No Calvário, estamos diante de um ser humano torturado, excluído da sociedade, condenado como herético e subversivo por três tribunais: religioso, civil e militar. Ao pé da cruz, pela última vez, as autoridades religiosas confirmam a sentença: trata-se realmente de um rebelde fracassado, e o renegam publicamente (Mc 15,31-32). Pendurado na cruz, privado de tudo, Jesus grita “Eli, Eli!”. O soldado pensava: “Ele está chamando por Elias!” (Mc 15,35) Os soldados eram todos estrangeiros, mercenários. Não entendiam a língua dos judeus. O homem pensava que Eli fosse o mesmo que Elias. Assim, pendurado na cruz, Jesus está num isolamento total. Mesmo que quisesse falar com alguém, não teria sido possível. Ninguém o entenderia. Seria o mesmo que falar português para quem só entende inglês. Ele ficou totalmente só: Judas o traiu, Pedro o negou, os discípulos fugiram, as autoridades zombam dele, os transeuntes caçoam, e nem a língua que ele fala serve mais para se comunicar.

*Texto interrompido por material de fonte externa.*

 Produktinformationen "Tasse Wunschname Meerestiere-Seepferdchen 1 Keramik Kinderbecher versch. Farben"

As mulheres amigas tinham que ficar de longe, observando, sem poder fazer nada (Mc 15,40). Isolado, sem qualquer possibilidade de comunicação humana, Jesus se sente abandonado até pelo Pai: “Meu Deus! Meus Deus! Por que me abandonaste?” (Mc 15, 34). E soltando um grito, ele morre!

É assim que morre o Messias Servo! Foi este o preço que Jesus pagou pela sua fidelidade à opção de seguir sempre pelo caminho do serviço para resgatar seus irmãos e suas irmãs, para que, de novo, pudessem recuperar o contato com Deus e viver na fraternidade. Mas foi exatamente nesta hora da morte, a hora em que tudo desmoronava, que um novo sentido renasceu das cinzas.

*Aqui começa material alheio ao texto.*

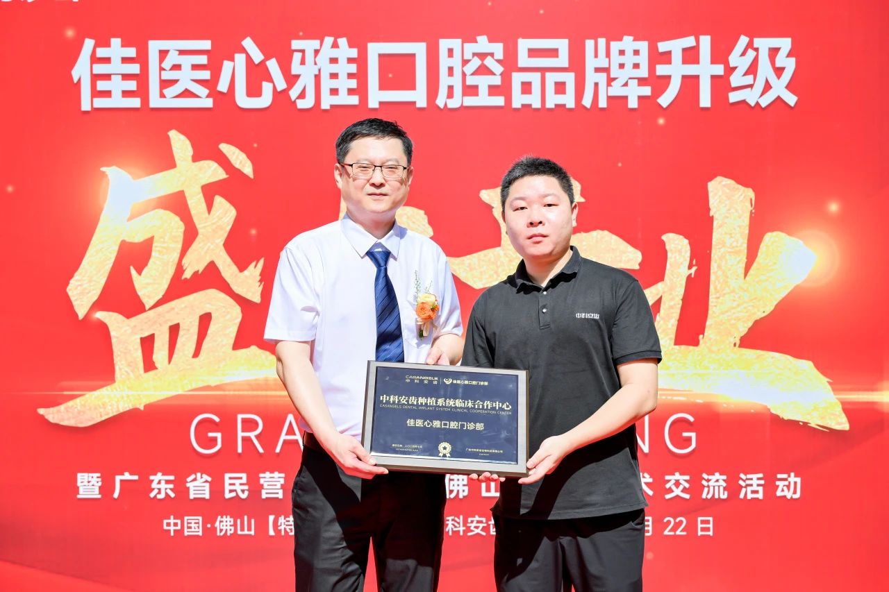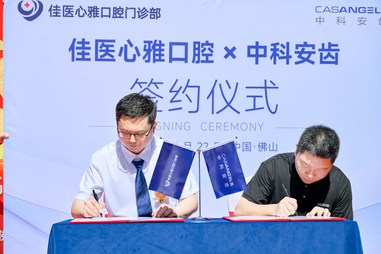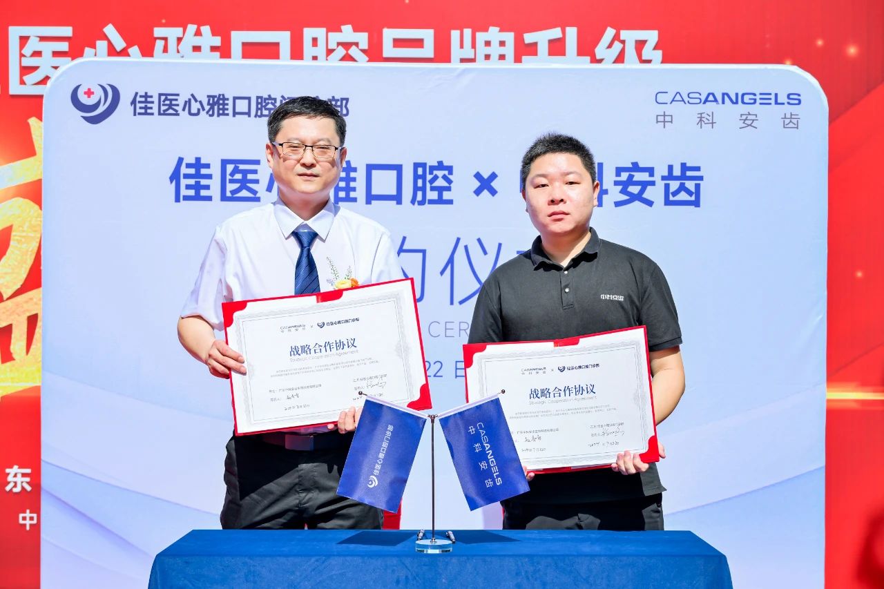 2024年7月22日, 在佳医心雅口腔的品牌升级开业庆典上,中科安齿与佳医心雅口腔举行战略合作签约仪式。双方将携手推动在口腔种植领域的临床深度合作,为患者提供更高质量的医疗服务。

A morte de Jesus foi uma vitória! Aquela sua obediência radical até à morte, a morte de cruz, no total abandono de uma Noite Escura sem igual, fez explodir as amarras que escondiam a sua identidade. A cortina do templo, símbolo do poder que condenou Jesus, rasgou de alto a baixo. O sistema que isolava Deus no Templo, longe da vida do povo, estava encerrado. O centurião, um pagão, que fazia a guarda, faz uma solene profissão de fé: “Verdadeiramente, este homem era filho de Deus!” (Mc 15,39) Ele descobre e aceita o que os discípulos não foram capazes de descobrir e de aceitar, a saber, reconhecer a presença do Filho de Deus num ser humano crucificado

Quem quer encontrar, verdadeiramente, o Filho de Deus, não deve procurá-lo no alto, num céu distante, mas deve olhar ao seu lado, para o ser humano excluído, torturado, desfigurado, sem beleza, e para aqueles e aquelas que, como Jesus, doam sua vida pelos irmãos. É lá que o Deus de Jesus se esconde, se revela e nos atrai, e é lá que ele pode ser encontrado. É lá que está a imagem desfigurada do Filho de Deus, dos filhos e filhas de Deus. “Prova de amor maior não há que doar a vida pelo irmão!”